New Zealand opposition leader resigns two months out from election

New Zealand opposition leader Todd Muller unexpectedly resigned on Tuesday after just over 50 days in the role, leaving the conservative National Party scrambling to find a new leader to face Prime Minister Jacinda Ardern in the Sept. 19 election. Muller became opposition leader in May, following a string of opinion polls that showed Ardern’s Labour Party was set to retain power. But he said the role had taxed his health and he wanted to spend more time with his family. “The role has taken a heavy toll on me personally, and on my family, and this has become untenable from a health perspective,” he said in a statement. New Zealand media reported deputy National Party leader Nikki Kaye will lead the party until a permanent leader is selected. It will be the opposition’s third leader in four months. Muller was embroiled in a scandal as opposition leader when a National member of parliament leaked confidential information about New Zealand’s coronavirus cases to the media.

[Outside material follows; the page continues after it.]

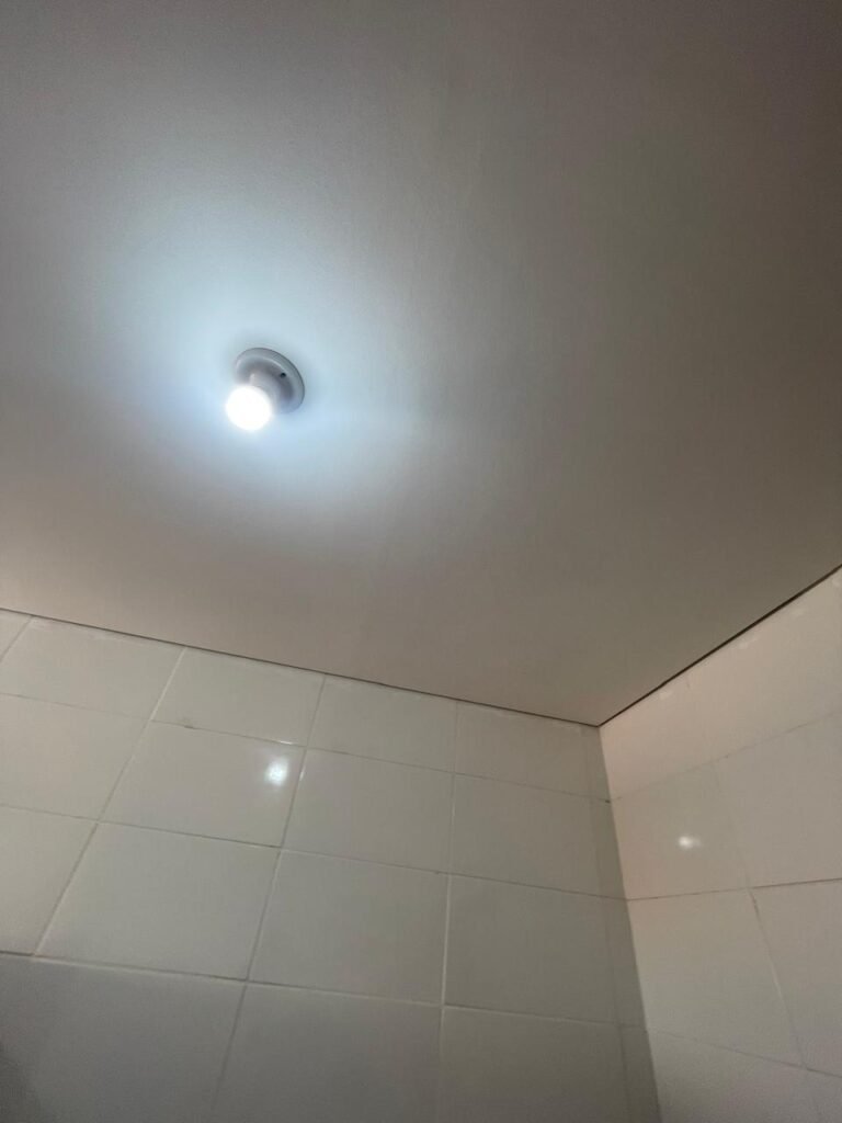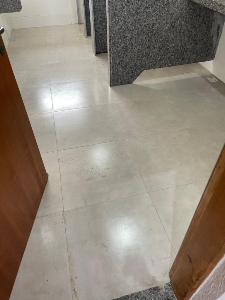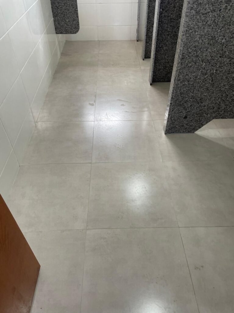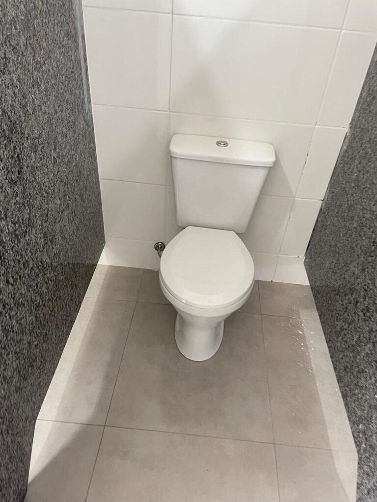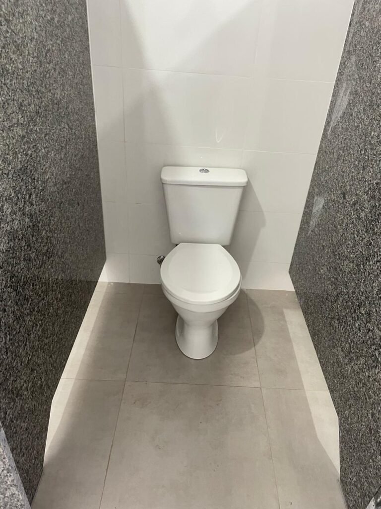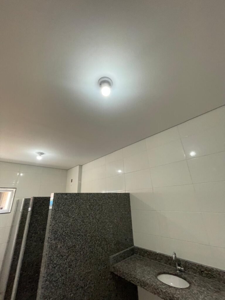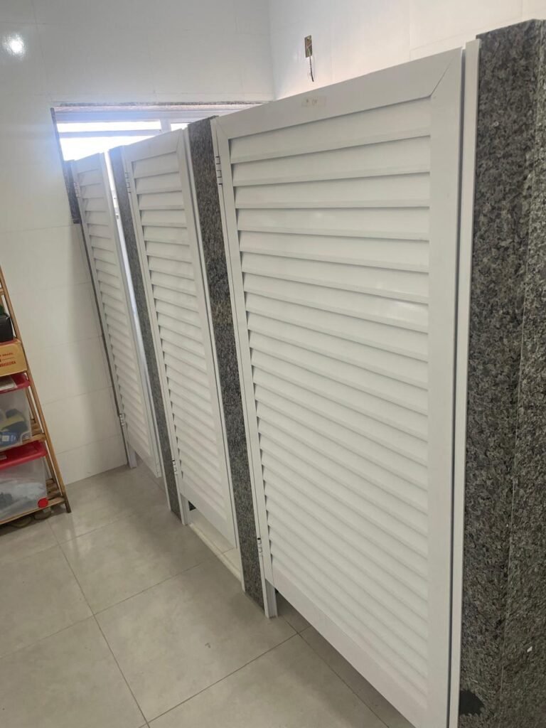 VESTIÁRIO MASCULINO (05) -: 01 porta de madeira envernizada nova e em ordem, com maçaneta nova e em ordem e com chave embutida, pisos revestidos de porcelanato na cor cinza novos e em ordem, paredes revestidas de azulejos na cor branco até o teto, teto com forro de gesso e com pintura na cor branco neve nova e em ordem, 02 luminárias plafon com leds em ordem, 02 ralos de plástico cor branco novos em ordem, 01 bancada de granito cinza ocre nova e em ordem, 02 cubas de cerâmica na cor branco novas em ordem, 02 torneiras em inox novas em ordem, 02 sifões sanfonados novos em ordem, 03 divisórias de granito cinza ocre novas em ordem, com 03 portas venezianas de alumínio na cor branco novas em ordem, com fechaduras em ordem, 02 conjuntos sanitários de cerâmica na cor branco novos em ordem, com acento em ordem, tampa e descarga em ordem, 01 divisória de granito cinza ocre ( mictório ), 01 mictório de cerâmica na cor branco, marca Icasa com descarga em ordem, 01 vitrô basculante com esquadrias na cor branco, com fechadura e com 01 vidro temperado marca Blindex, novos e em ordem, 02 canoplas em inox em ordem, 01 pré-instalação de chuveiro, 01 espelho de luz com 01 interruptor em ordem.

The incident dealt a severe blow to the opposition’s electoral chances. Ardern passed on her best wishes for Muller and his family. “No matter what side of Parliament you’re sitting, politics is a difficult place,” the prime minister said in a statement. New Zealand goes to the polls in September in what is expected to be a coronavirus-dominated campaign. Recent opinion polls have predicted that Labour could govern on its own, without needing a coalition partner, helped by the soaring popularity of Ardern with most New Zealanders approving of her government’s handling of the crisis. New Zealand had 25 active cases of COVID-19 as of Tuesday, all from returning New Zealanders from overseas. It has recorded 22 deaths from nearly 1,200 confirmed cases.